We didn't have a stove like that in our kitchen, but I do remember draping my clothes over the oven door to warm them up before getting dressed. We had a wood stove in the basement and then an oil burner on the main floor for extra heat in the coldest part of the winter. I sure do love my waterbed that is always warm when I get into it...no freezing until the covers finally warm you.


By Michael Du Long (Mikie) on Saturday, July 11, 2009 - 11:58 pm:

Precious and I spent the first year of our marriage in Germany. The first night there was in Feb. and when we went to bed I opened the windows to get some fresh air in the bedroom. Precious spent the entire winter under two army blankets, two feather quilts and when she got up next to the oil burner in the hallway. Our stove was coal and so was the hot water tank. 1966/67 were the happiest years of our lives. That is till the kids were born. She can still make a fire in less time then it takes me.

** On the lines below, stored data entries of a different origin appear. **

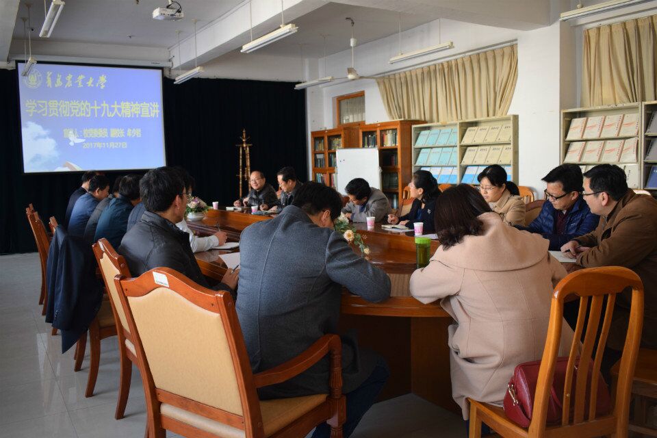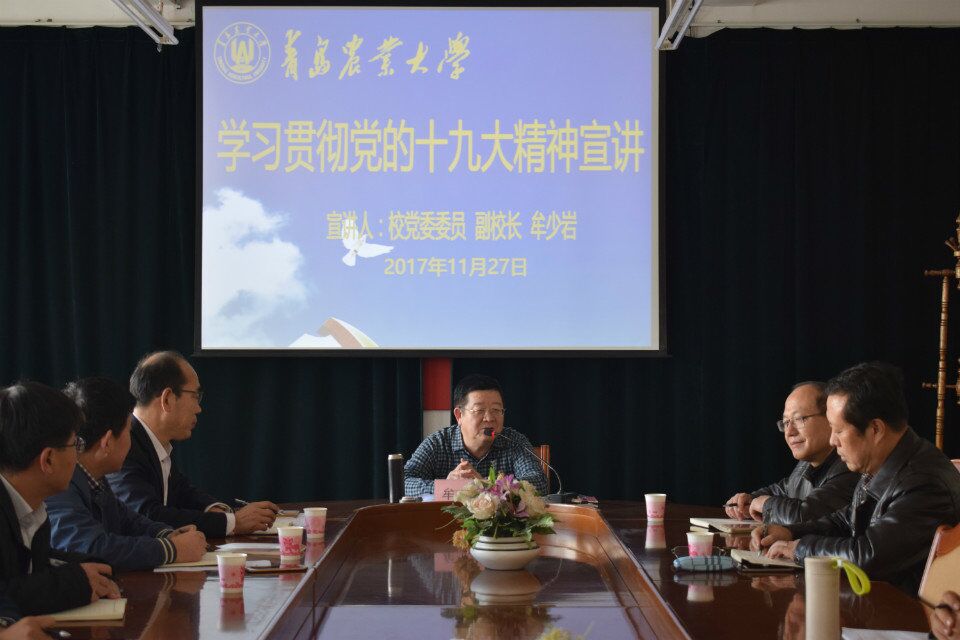 牟少岩指出,目前,全党全国都把学习贯彻落实党的十九大精神作为首要任务,在学懂弄通做实上下功夫。十九大精神的贯彻落实,与以往历次党的代表大会的学习贯彻落实相比,前所未有的重视,也是前所未有的扎实。他要求分管单位领导干部要充分认识学习好、贯彻落实好党的十九大精神的重大意义,把思想认识统一到党中央的要求上来,统一到党的十九大精神上来,带领所在单位师生员工认真学习和准确把握十九大提出的新思想、新论断、新方略、新目标,坚持学深悟透用好,把学习十九大精神激发出的热情和干劲转化为推动学校事业发展的强大动力。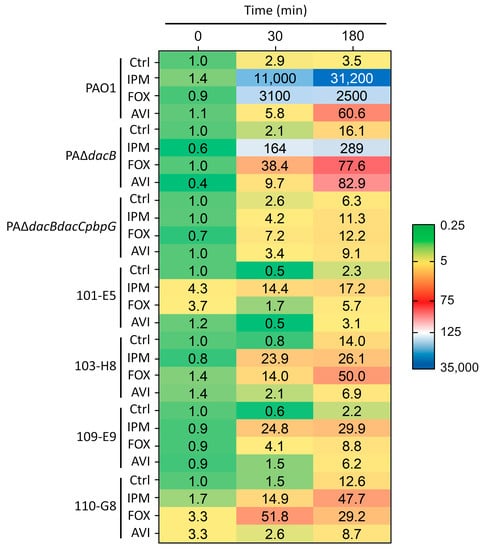 Table 2 shows the basal ampC mRNA expression levels for each of the strains studied relative to wild-type strain PAO1. As previously demonstrated by our group and other independent researchers, PBP4 inactivation (PAΔdacB) elicited significant ampC hyperexpression; the highest relative expression values were observed at the 180 min determination (1100 ± 243). Both initial ST175 isolates, 101-E5 and 109-E9 (wild-type AmpC), and their CAZ/AVI post-therapy resistant isolates, 103-H8 and 110-G8, showed an even more extensive ampC relative expression (2400 ± 1100, 1700 ± 382, 5400 ± 2900 and 3500 ± 1600, respectively) consistent with the ampR-G154R-resulting enhanced ampC expression observed in nearly all of the ST175 isolates [,,]. Inactivation of the three low-molecular-weight (LMW) PBPs (PBP4, 5/6 and 7) in PAΔdacBdacCpbpG elicited the most remarkable cephalosporinase constitutive overexpression (58,000 ± 26,000) after 180 min.
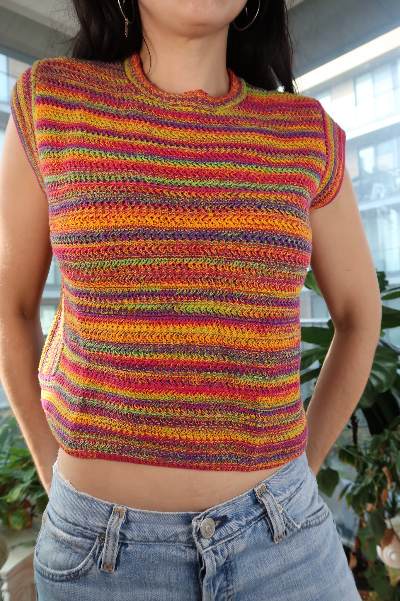 A vibrant and playful vintage 2000s multicolor crochet-knit top featuring bold horizontal stripes in orange, pink, purple, green, and yellow. This fitted cap-sleeve silhouette has a slightly cropped cut and a soft, lightweight knit texture that hugs without feeling heavy. The intricate crochet stitch pattern gives it dimension and a handmade feel, perfect for adding a pop of color to jeans, minis, or layered summer outfits. A true Y2K standout with festival-ready vibes and iconic early-2000s energy.

By J T (Jtinchicago) on Monday, July 13, 2009 - 01:45 pm:

Greetings:

I'm probably too late to catch an answer but does anyone recall the flat 3/8 inch thick by 8-10 inches in diameter, cinnamon - pecan - molasses breakfast pastry? It was like a 'sticky bun' that was rolled flat.

They were sold in Calumet and at the Finlandia in Hancock. Basically, with coffee, a breakfast in one hand.

The pastry might have been called by a Finnish word and the non Scandinavian UP residents had a more direct name for the pastry.

Thank you.

JT


By kosk in Toronto (Koskintoronto) on Tuesday, July 14, 2009 - 05:09 am:

I don't know, JT, but I hope someone else does. It sounds like it
would be delicious.


By FRNash/PHX, AZ (Frnash) on Thursday, July 16, 2009 - 11:24 pm:

Speaking of korppu … (see above):
By FRNash/PHX, AZ (Frnash) on Saturday, July 11, 2009 - 11:14 am:

Lookie what I found just tonight in the Finnish Wikipedia:
Click → Korppu. Now don't that look just like Trenary toast?

And here I mistakenly thought korppu was only one of those "Finnglish" words we used on da farm, unique to the UP.